Prisons in Russia consist of four types of facilities: pre-trial institutions; educative or juvenile colonies; corrective colonies; and prisons.

A corrective colony is the most common, with 705 institutions (excluding 7 corrective colonies for convicts imprisoned for life) in 2019 across the administrative divisions of Russia. There were also 8 prisons, 23 juvenile facilities, and 211 pre-trial facilities in 2019.

Prisons in Russia are administered by the Federal Penitentiary Service (FSIN). The FSIN's main responsibilities are to ensure the completion of criminal penalties by convicted persons as well as hold detainees accused of crimes. The FSIN is also responsible for the prisoners’ physical well-being and rights under the Russian government.

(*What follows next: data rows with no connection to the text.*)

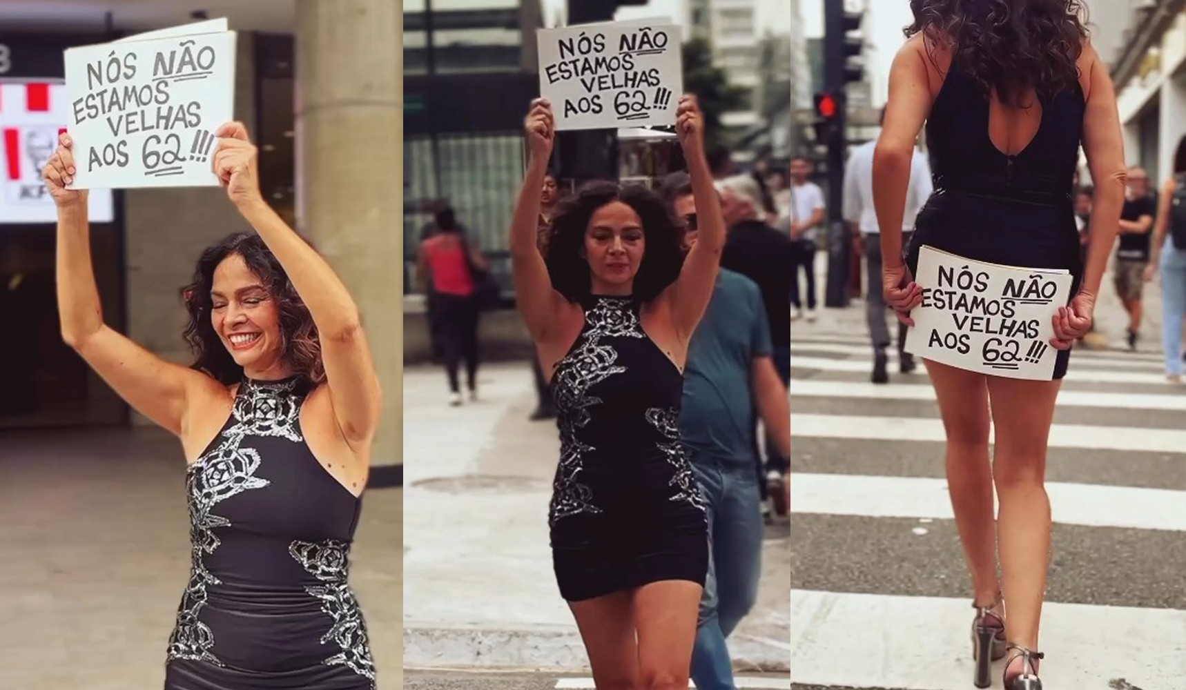 Claudia Ohana fez um protesto contra o etarismo em uma das principais avenidas de São Paulo. A atriz, que completou 62 anos em fevereiro, caminhou pela Avenida Paulista carregando um cartaz com uma mensagem que dizia: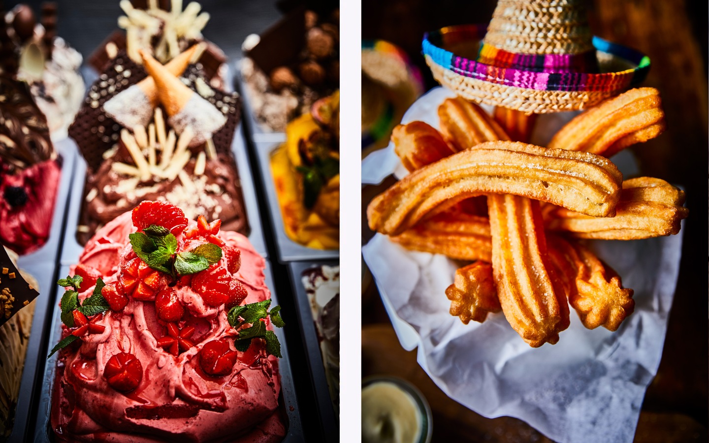 Wir präsentieren – die veganen süßen Stars im Phantasialand: Mango-, Erdbeer- und Zitroneneis im Eis-Café Annie Himmelreich. Churros mit Zimt und Zucker in Mexico und die Zartbitter-Fruchtspieße noch dazu! Manchmal, da muss es einfach süß sein ...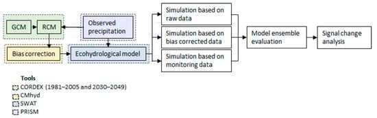 We evaluated monthly projections of two Global Climate Models (MPI-ESM-LR and GFDL-ESM2M) coupled with two Regional Climate Models (WRF and RegCM4) and the RCP Scenario 8.5 for a future period of 2030–2049 []. Corresponding data for the historical period 1981–2005 were used as input for the SWAT model to identify hydrological climate change signals with a focus on surface runoff and water yield. Model integration occurred when the output data of a coupled GCM-RCM (precipitation) were used as input data for the SWAT model. The bias correction effect was assessed by correcting projected precipitation and comparing results for the historical and future runs, and climate change signals with those obtained using a non-corrected (raw) climate scenario (Figure 2).

In January 2023 the FSIN has a total prisoner population of 433,006, which included all pretrial detainees. This number makes up 0.3% of the population. Only 8.9% of prisoners are female, and juveniles make up 0.2%. The incarceration rate in 2018 was 416 per 100,000 people. There were 947 total institutions that operated under the FSIN in 2015 with a total capacity that could reach 812,804. Only 79% of this capacity was in use that year. Notably, from 2000 to 2020, the prison population has dropped substantially by 536,476.

Until 1998, the corrections system in Russia was controlled and operated by the Ministry of the Internal Affairs. During this time of operation, it left many aspects of the prisons dismal at best. The equipment, properties, communications systems, and weapons that were owned and used for the sole purpose of corrections were neither maintained nor updated. This was due to the drastic underfinancing of the corrections systems. The prison management felt the worst of this treatment during this period under the authority of the Ministry of Internal Affairs. It was reported to have never received more than 60% of its actual required funds throughout that time of oversight. Funds dropped to nothing in the three months prior to the Russian Federation's Ministry of Justice taking over responsibility of the corrections system.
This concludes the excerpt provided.